Exclusions: Copyright

Materials digitized for Expeditions and Discoveries are limited to those in the public domain.

Related Links

Consult Related Links to browse a selection of web sites that may be useful to researchers, teachers, students, or anyone interested in learning more about issues related to Expeditions and Discoveries. These links are selected for their unique or thorough contributions to the topic, and sites produced by governmental, cultural, or academic institutions have been favored.

Digitization Standards and Practices

Project cataloging and descriptive metadata practices are designed to promote discovery of digitized items in the environments that students, teachers, and researchers use. OCP applies community standards for bibliographic description, assigns persistent links to digital objects, and stores metadata in centrally supported library systems using open protocols (MODS, OAI–PMH) to facilitate discovery in major Internet search engines, as well as in library catalogs and project databases for OCP web sites.

When supported by optical character recognition (OCR) software, machine-printed texts in a variety of languages are digitized to facilitate full-text as well as catalog searching. OCR-generated texts are not corrected to be 100% accurate transcriptions of all characters in the original materials.
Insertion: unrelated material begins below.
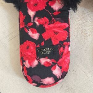 VICTORIAS SECRET Black Floral Slippers NWOT
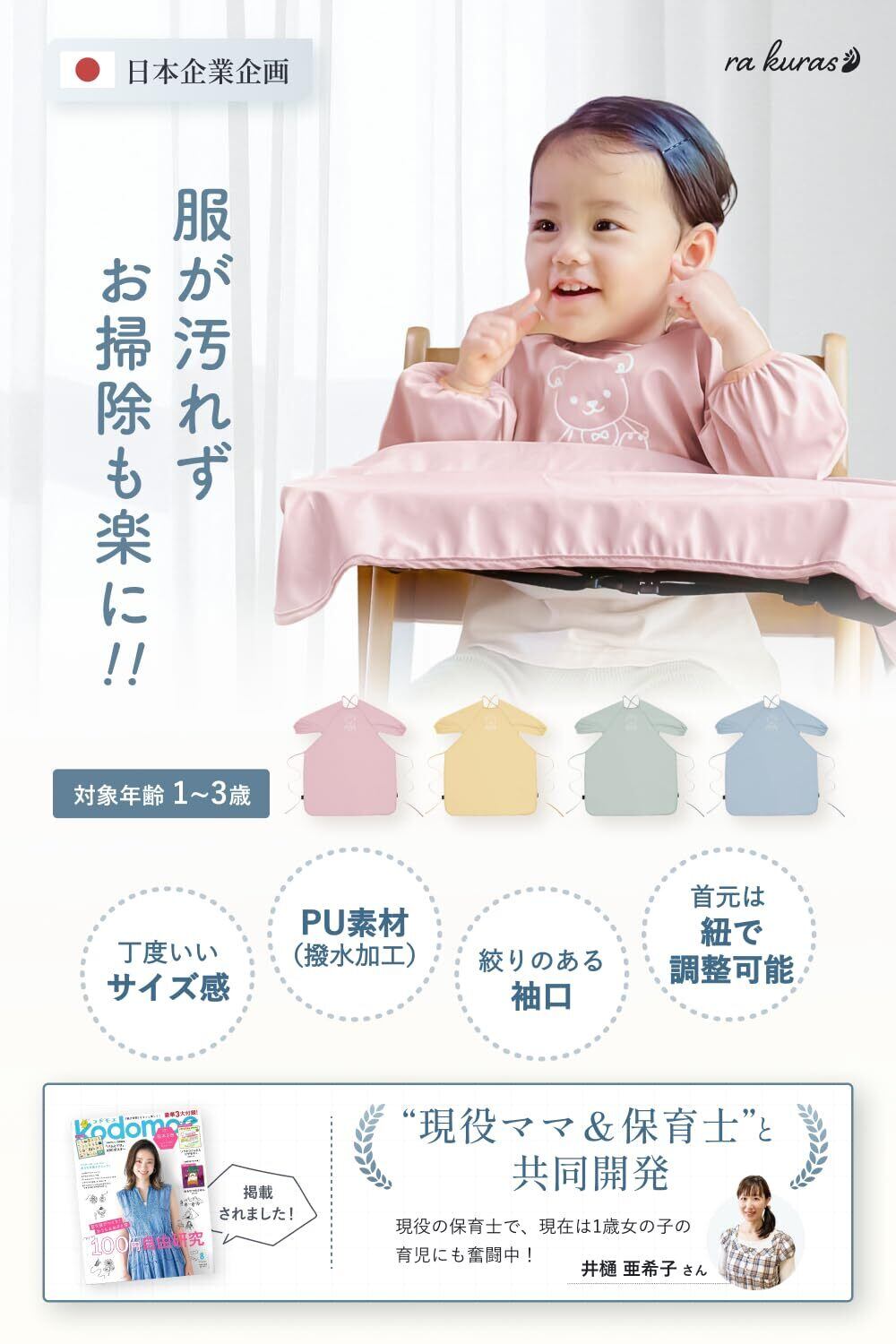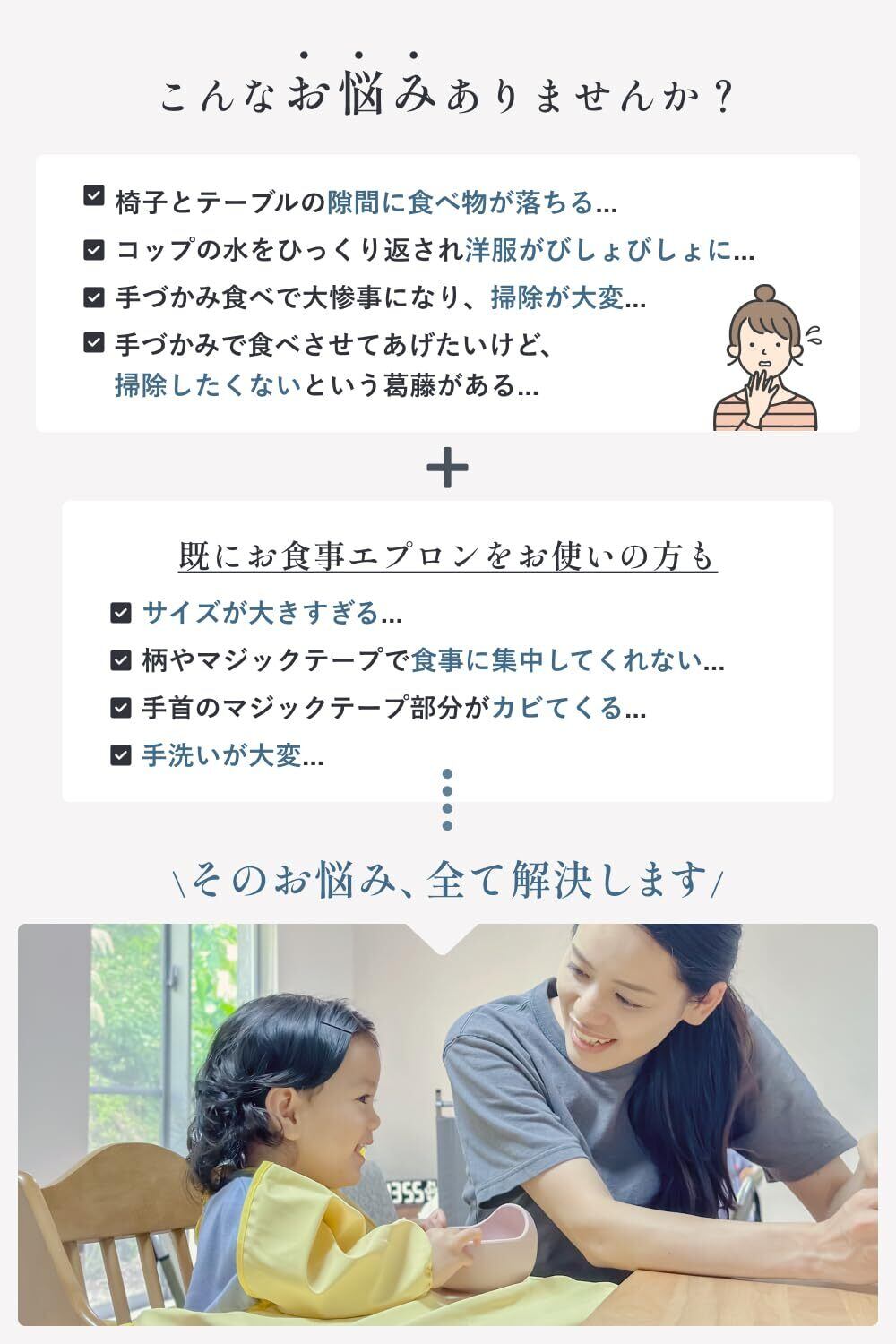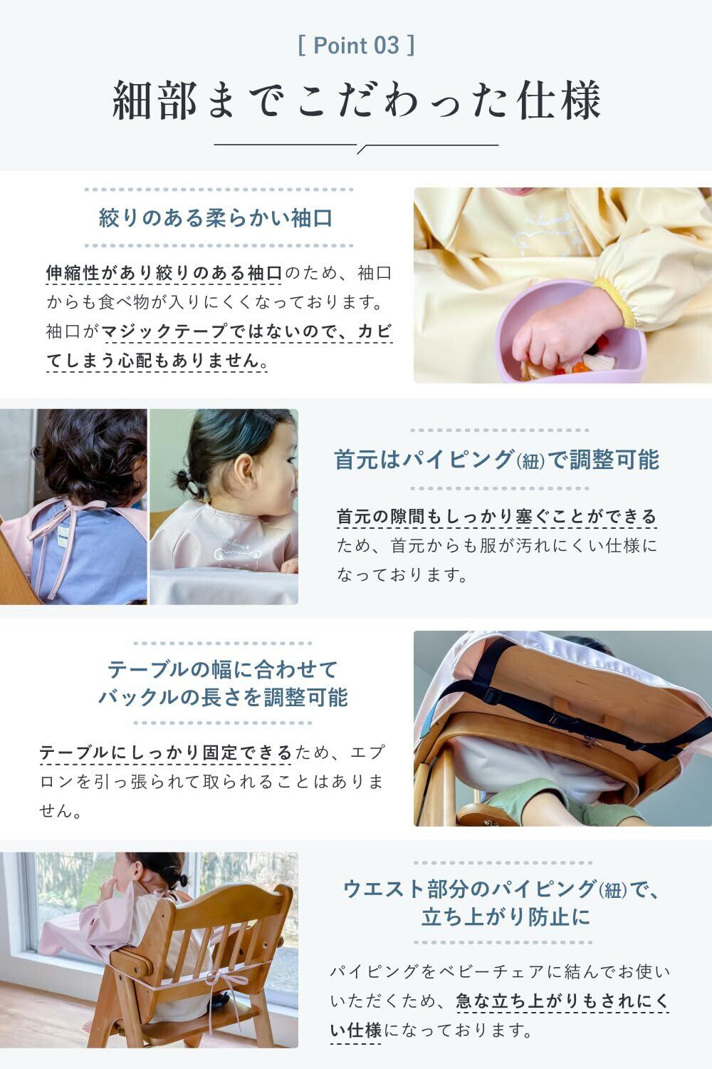 【絞りのある柔らかい袖口】 伸縮性があり絞りのある袖口のため、袖口からも食べ物が入りにくい仕様になっております。 袖口がマジックテープではないため、カビる事はもありません。

Digital imaging and structural metadata practices have evolved with technologies and institutional expertise—primarily in HCL Imaging Services—to produce complete, legible, navigable, citable, and portable electronic reproductions delivered by the centrally managed delivery systems of the Harvard University Library’s Office for Information Systems. Digitization processes and practices for materials preparation and quality control balance mandates for safe handling, high rates of throughput, and affordability.